Roleplaying games are all about spontaneity, and usually that's a good thing. A high-functioning group is able to improvise an experience that's much richer and more interesting than a pre-planned adventure packaged and run by a GM.
In dramatic play, this can be a problem, however. A lot of times, players will find themselves in a two-person scene where no one has a strong need to push for something right now. Sometimes this is out of a feeling that "it's too early" in the story for characters to have a big conflict, or out of an misguided sense that it's interesting just to place two characters in a scene together "just to see what happens". Usually, without a conflict, the answer to that question is "nothing".
The best roleplaying games that cater to dramatic play provide tools to establish and push conflicts. This includes a lot of Powered-by-the-Apocalypse games, which define inter-player conflicts at character creation and focus on Moves that are triggered by certain in-fiction actions, and especially DramaSystem, which explicitly develops inter-character conflicts as the core of its petitioner-granter mechanics. The important part of these mechanisms is that it gives players a starting point to begin an interesting and emotionally satisfying scene: you can always look at your character sheet and say to yourself, "Ah. I remember what my deal is with them." And off you go.
The issue with a lot of these things is that they're long-term / big picture devices. You might know that Dremmer, your Hardholder, left you for dead at some point in the past and you're out for payback, but there is nothing in that relationship that says "RIGHT NOW", unless you're a very aggressive and drama-forward player. So instead of starting a scene with Dremmer and going for the "you left me for dead" thing, the instinct is often to talk around it, or only hint at the deeper history between those characters. You hardly ever see someone call for a scene and start with something like "Hey Dremmer, you piece of shit. You left me for dead." More's the pity.
GMs have this issue at the top of their minds all the time, because it's explicitly their job to push conflicts, start shit, stir the pot. That's the stuff of good, emergent dramatic play. The GM comes in to a session with at least a few ideas for how they want to push the players, to see what happens, and generate some interesting fallout to push the story forward. This is a trick that players need to start stealing from GMs.

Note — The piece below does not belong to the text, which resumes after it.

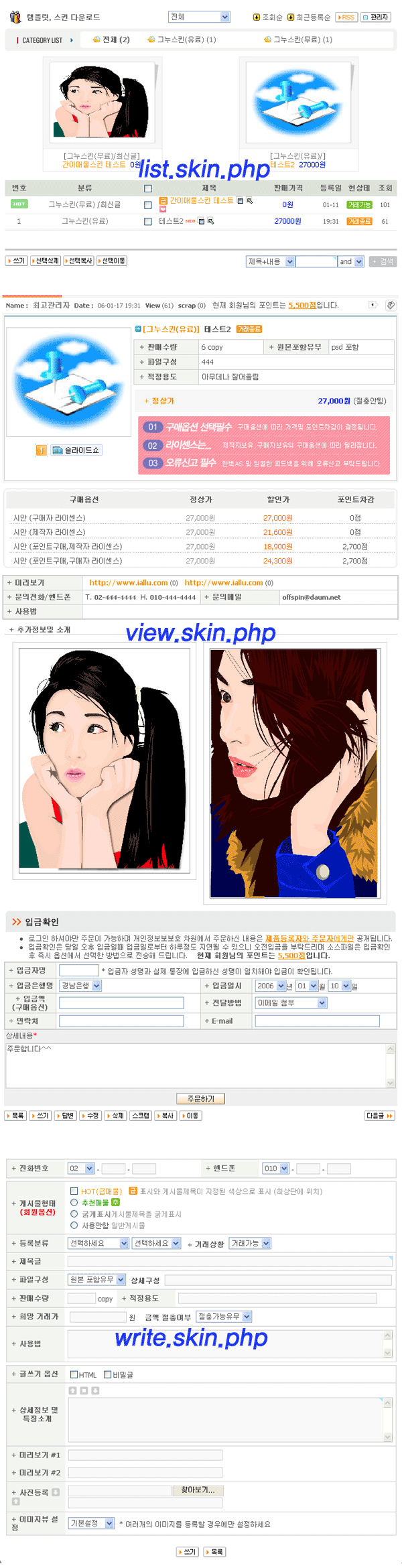 레이아웃 및 소스코드 95%를 위 스킨들에서 이식해왔습니다

In the next dramatic game I run, I'm going to make this a part of each player's job, every session. They will write down a goal -- one that either applies to what their character plans to do that session, or what they want to accomplish as a player that session.
It doesn't need to be complicated. Confront Dremmer is a perfectly valid game plan that will pay dividends, because it moves the story forward. As a player, you might be thinking about game plans like Play a scene with Megan to get her relationship with Dremmer on the table. The idea is to have a concrete game plan going into the session - a goal that you can accomplish right away. And once you're in the business of setting goals for the session, it makes it a lot easier to think about What do I want in this scene? too.
Players would write down their goals at the beginning of the session and share them at the end, so the other players could see what they were after, and whether or not they got it.
Finally, it is also important that players -- like GMs preparing for a session -- hold their goals lightly. Ultimately, you want them to guide you toward more dramatic play, not lock you into a course of action that's completely out of step with everything else that's happening at the table.